Sarah Court

A wholesale “licensee for hire” responsible for over $1 billion in funds has been taken to court by the corporate regulator for failing to have adequate risk management and resources in place.

ASIC launched civil penalty proceedings on Wednesday morning against Lanterne Fund Services, alleging the firm failed to meet “organisational competence requirements” by not having financial, technological and human resources services in place to carry out its supervisory arrangements.

The licensee was responsible for $1.66 billion in funds under management, providing services to over 200 authorised representatives (ARs) and over 60 corporate authorised representatives (CARs).
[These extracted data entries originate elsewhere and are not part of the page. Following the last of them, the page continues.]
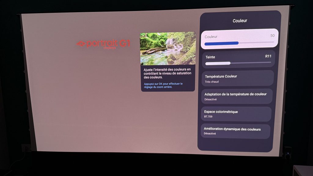 AWOL a par ailleurs anticipé un écueil bien connu des utilisateurs de projecteurs à contraste dynamique : les dérives colorimétriques induites par le fonctionnement de l'iris et de l'EBL, qui peuvent provoquer un glissement de la balance des blancs vers des teintes trop vertes ou trop rouges selon les scènes. Pour y remédier, une option de correction de teinte dédiée est intégrée aux menus, offrant une vingtaine de niveaux d'ajustement une approche que l'on a déjà vue chez XGIMI sur le Titan, et dont on ne peut que saluer la présence ici tant elle répond à un besoin réel.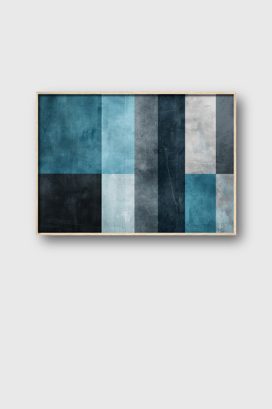 Räumliche Wirkung durch Textur und Farbwechsel. Linien erzeugen Rhythmus. Kühler Blauton dominiert den Raum.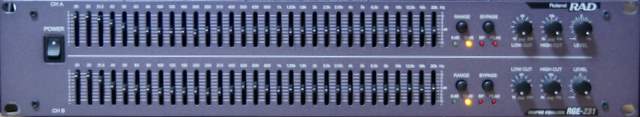 周波数特性を補正するツールですが使い方が分からないのか的外れな解説をする記事すら見かける昨今です。プロの世界以外では製品を見かけることが少なくなっています。ローランドのグラフィック・イコライザRGE-231型により広い周波数範囲で±3dB以内とフラットにチューニングしています。

Lanterne held an Australian financial services licence since 2004 which authorised financial product advice for specific products to wholesale clients.

Its clients included venture capital funds, managed investment schemes, wholesale funds management services, corporate advisory services, wholesale property funds, digital asset funds and climate change advisory services.
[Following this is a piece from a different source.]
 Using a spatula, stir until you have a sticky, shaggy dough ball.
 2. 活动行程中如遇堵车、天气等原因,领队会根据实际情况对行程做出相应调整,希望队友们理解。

The organisation had only one employee, who was the responsible manager and sole director.

“Lanterne put the ultimate clients of its ARs and CARs at risk of harm in relation to the financial services provided to them by the ARs and CARs under Lanterne’s AFSL,” ASIC’s submission to court stated. “Lanterne benefited by receipt of fees from its CARs, without applying those fees to ensure the financial services provided under its licence were provided in accordance with the financial services laws.”

Nothing in return

ASIC stated Lanterne charged CARs an upfront fee of $5,000 and ongoing fees of $3,000 per month while conducting no due diligence.

ASIC deputy chair Sarah Court said the regulator is concerned that for an extended period there was a real risk of investor harm due to shortcomings in Lanterne’s systems and processes.